Instructions for the task: An exact copy is needed of the lines in the entries below from the line with "こんなふうに、水に沈むか浮くかで、ざっくり鮮度がわかると言われています。" up to and including the line with "Berken, en plein", and of nothing else. Leave the pictures out.

************

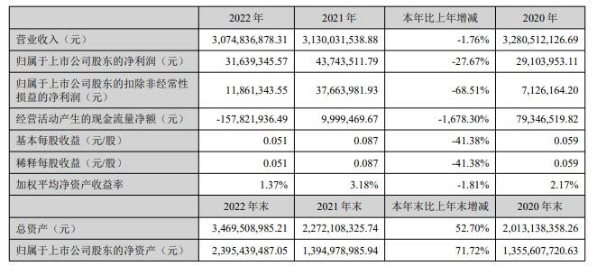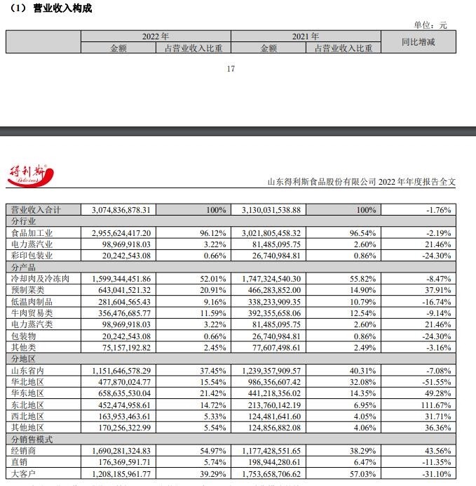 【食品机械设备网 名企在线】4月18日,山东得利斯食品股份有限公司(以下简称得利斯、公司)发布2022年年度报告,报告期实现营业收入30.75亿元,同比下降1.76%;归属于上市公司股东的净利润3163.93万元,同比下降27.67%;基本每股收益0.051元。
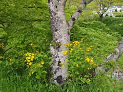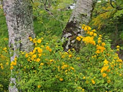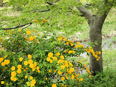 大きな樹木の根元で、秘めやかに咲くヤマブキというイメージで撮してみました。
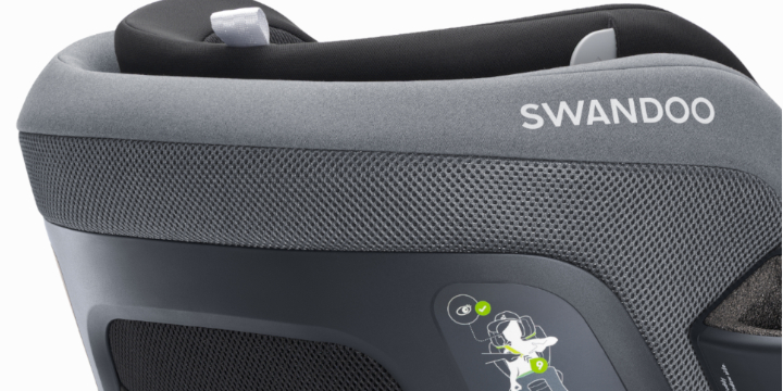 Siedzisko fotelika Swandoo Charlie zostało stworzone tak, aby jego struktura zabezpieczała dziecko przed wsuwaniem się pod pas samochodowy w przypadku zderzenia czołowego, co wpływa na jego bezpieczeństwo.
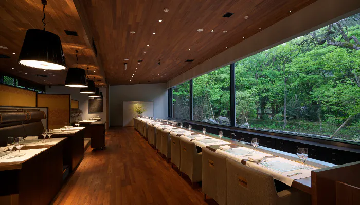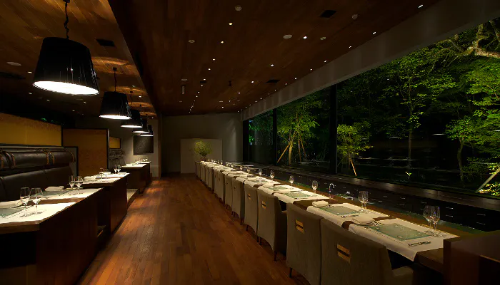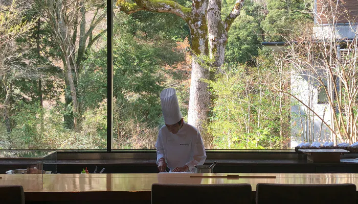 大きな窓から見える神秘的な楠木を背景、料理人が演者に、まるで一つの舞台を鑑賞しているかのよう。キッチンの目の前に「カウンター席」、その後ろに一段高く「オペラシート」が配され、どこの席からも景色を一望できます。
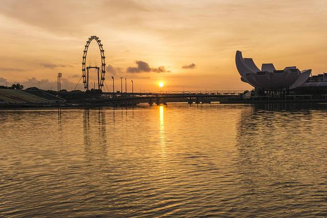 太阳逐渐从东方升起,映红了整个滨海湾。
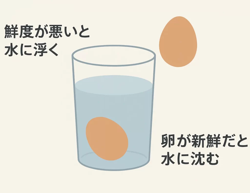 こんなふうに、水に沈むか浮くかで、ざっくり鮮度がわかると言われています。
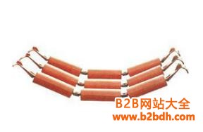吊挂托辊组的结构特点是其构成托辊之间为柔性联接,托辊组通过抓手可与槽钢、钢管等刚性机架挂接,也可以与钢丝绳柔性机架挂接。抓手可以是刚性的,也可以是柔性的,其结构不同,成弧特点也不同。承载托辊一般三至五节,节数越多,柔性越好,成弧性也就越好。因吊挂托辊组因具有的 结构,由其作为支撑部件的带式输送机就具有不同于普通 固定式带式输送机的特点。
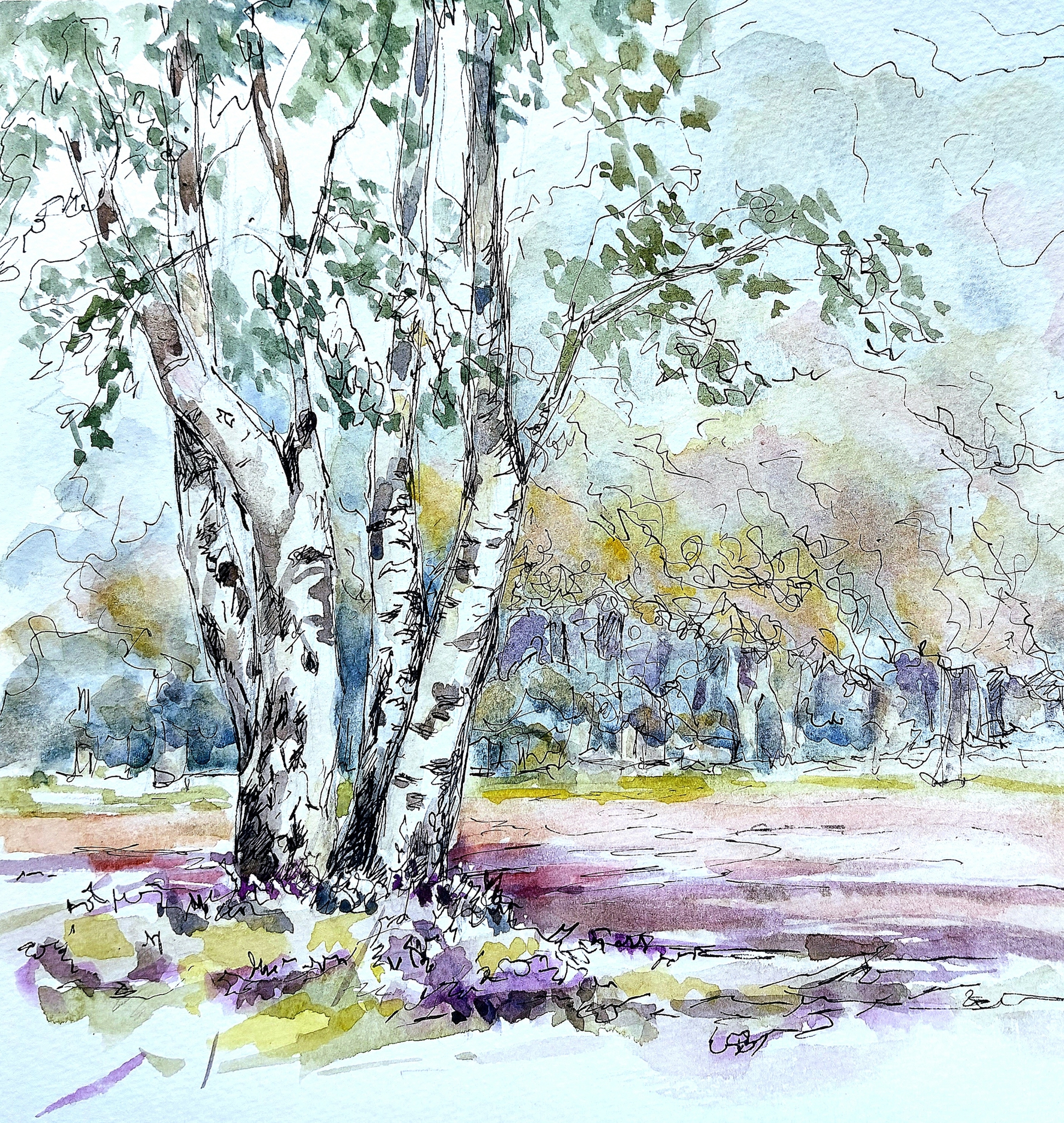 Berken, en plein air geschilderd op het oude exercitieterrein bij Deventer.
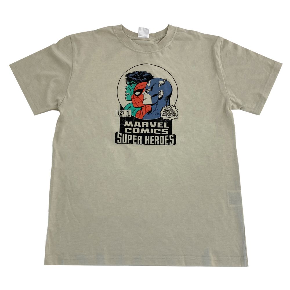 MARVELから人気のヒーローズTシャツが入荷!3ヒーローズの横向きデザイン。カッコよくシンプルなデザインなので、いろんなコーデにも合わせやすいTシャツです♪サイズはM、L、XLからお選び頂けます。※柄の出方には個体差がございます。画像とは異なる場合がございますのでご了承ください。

************

Exercise response:
 こんなふうに、水に沈むか浮くかで、ざっくり鮮度がわかると言われています。
吊挂托辊组的结构特点是其构成托辊之间为柔性联接,托辊组通过抓手可与槽钢、钢管等刚性机架挂接,也可以与钢丝绳柔性机架挂接。抓手可以是刚性的,也可以是柔性的,其结构不同,成弧特点也不同。承载托辊一般三至五节,节数越多,柔性越好,成弧性也就越好。因吊挂托辊组因具有的 结构,由其作为支撑部件的带式输送机就具有不同于普通 固定式带式输送机的特点。
 Berken, en plein air geschilderd op het oude exercitieterrein bij Deventer.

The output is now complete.